I've often thought Mad Magazine gets things quite right in their parodies, usually made very early in a show's run but in retrospect their analysis proves prophetic. In TNG they made a lot of it's lack of drama among the main cast, with DS9 much was made of the tedium of being on a space station rather than aboard a starship. That was a kind of the 'finger on the pulse' about what the wider viewers at home might have been feeling about DS9 in those early years before it "got better".

The addition of the Defiant immeasurably gave the show more scope (without losing it's core style), and "Way of the Warrior" feels in so many ways like an attempt to redefine the series, almost like a second 'pilot episode' for a whole new phase. Even those of us who love Deep Space Nine would acknowledge there's a night-and-day feeling between the first three seasons the the last four, and it extends way beyond simply adding Worf to the cast. The types of stories they could tell changed.

That said, I believe "Emissary" was a ratings hit straight out of the gate. So if viewership went down, then there may be other reasons.....
 
I never quite buy DS9's issue was it's stationary setting. The show didn't spend it's time on Bajor or the station any more than TNG spent on the Enterprise, and the series still got better ratings than VOY which never stuck around anywhere too long. I think that's one of those Berman excuses like "there are no new stories to tell" with the franchise overall.

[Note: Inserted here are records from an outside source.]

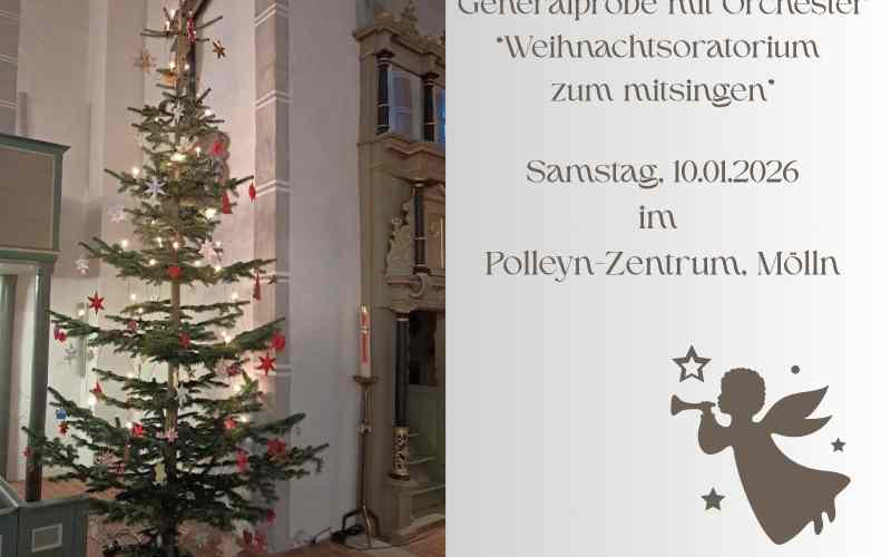 Sonntag, 4. Januar 12:00 – 17:00 Uhr, Polleyn-Zentrum, Jochim-Polleyn-Platz 9, 23879 Mölln, regionale Chorprobe „Weihnachtsoratorium zum Mitsingen“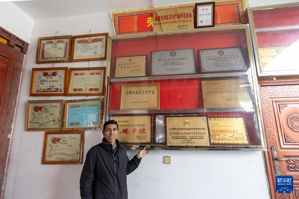 厂长拉巴琼达是这项非物质文化遗产的代表性传承人。如今,他带领18个匠人和学徒把厂子做得红红火火,2024年平均每个工人每月收入达到7000多元,靠非遗手艺实现了共同富裕。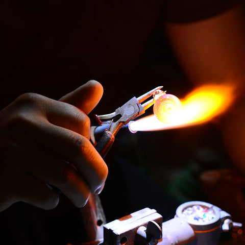 Cada brazalete está hecho a mano por nuestros artesanos experimentados durante 3 horas a 3600 grados con una baja tasa de éxito. Está hecho de vidrio murano de primera calidad, gemas de ópalo y láminas de oro y plata.

What he meant is that the folks running the franchise were themselves struggling to come up with new ideas.

Also, look at the rating chart I linked earlier. Here it is again. DS9 fell rather precipitously after its premier and then continued well below TNG's ratings while both shows were on the air. That wasn't market shrinkage.

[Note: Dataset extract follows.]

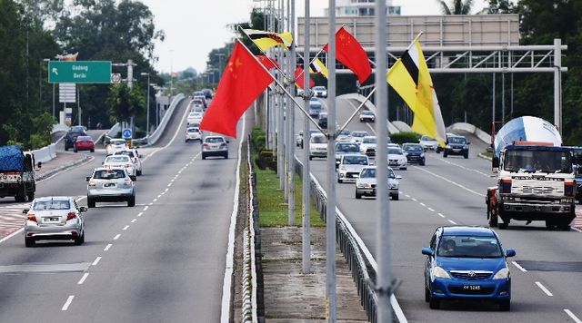 13日,當(dāng)?shù)刈畲笥⑽膱?bào)紙《婆羅洲公報(bào)》在頭版顯著位置刊發(fā)了習(xí)主席即將來(lái)訪的消息。為迎接中國(guó)國(guó)家元首時(shí)隔13年再次到訪,從斯里巴加灣機(jī)場(chǎng)到文萊蘇丹哈桑納爾居住的努洛伊曼王宮的馬路上,早早掛起了鮮艷的五星紅旗。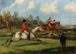 A Whipper-In and a Couple of Hounds Running Hard in Open Country

Also, look at the pattern for all subsequent series as well. They all begin with major viewership and general audience curiosity but fail to hold on to it after a few weeks. To me that again says TPTB just didn't do a very good job of creating a universe people felt curious enough to revisit.

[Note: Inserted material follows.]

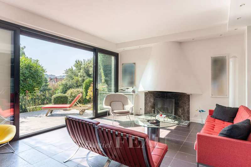 Coteaux neighbourhood. This mid 20th century architect-designed property with a 1930s style offers 230 sqm of living space. Set in a south-facing 1306 sqm plot, it includes a rotunda entrance hall, a double living/reception room opening onto a terrace, a kitchen with dining facilities, and a dining room. The first floor comprises a study, three bedrooms and a bathroom. A master bedroom opening onto a terrace enjoying a panoramic view, a dressing room and a bathroom. On a total basement with a recreation room, a utility room, a boiler room and a wine cellar. With a garage. In a convenient location a stone’s throw from the schools, the shops, Place du Marché and the station.
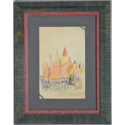 "Senza titolo" 1958, tecnica mista su carta (cm 27,5x17,5) firmato, locato e datato in basso a destra. In cornice

Come to think of it, look at the finales too. VOY got a little spike for its, but for the most part, general audiences weren't curious to see how most Trek series ended. I think with TNG, it lent itself to being more of a touchstone for the popular culture to create its best hope for the future, and when it ended, people wanted to see where they were as much as the ship was. To its credit, TNG's finale was fantastic and probably better than all its later movies.
 
Was the fact that it wasn't happy-clappy, as William Shatner said....???

It did have some really hardcore fans.

Now, pretty much everything mirrors DS9, what accounts for both things to be true....???

Ds9's first season wasn't very good. It contained a few clunkers.
 
Ds9's first season wasn't very good. It contained a few clunkers.
I dunno, the first season got better ratings than all later ones. It may not have been as flashy as Captain Hawk waging WWII In Space!, but there's some really damn good episodes in those first couple seasons. That it had a few clunkers can be said of any series, and, really, any season. For every "If Wishes Were Horses" there's a "Profit & Lace"!
 
I dunno, the first season got better ratings than all later ones. It may not have been as flashy as Captain Hawk waging WWII In Space!, but there's some really damn good episodes in those first couple seasons. That it had a few clunkers can be said of any series, and, really, any season. For every "If Wishes Were Horses" there's a "Profit & Lace"!

You think "If wishes were horses" is an example of a good show? Really?
 
The first I'd ever even heard of Deep Space Nine in the UK was seeing VHS tapes of it in my local entertainment superstore. My first thought was "Is this the 9th in a series?"

So I can tell you from my experience that DS9 probably didn't have as many viewers as TNG simply because nobody had heard of it.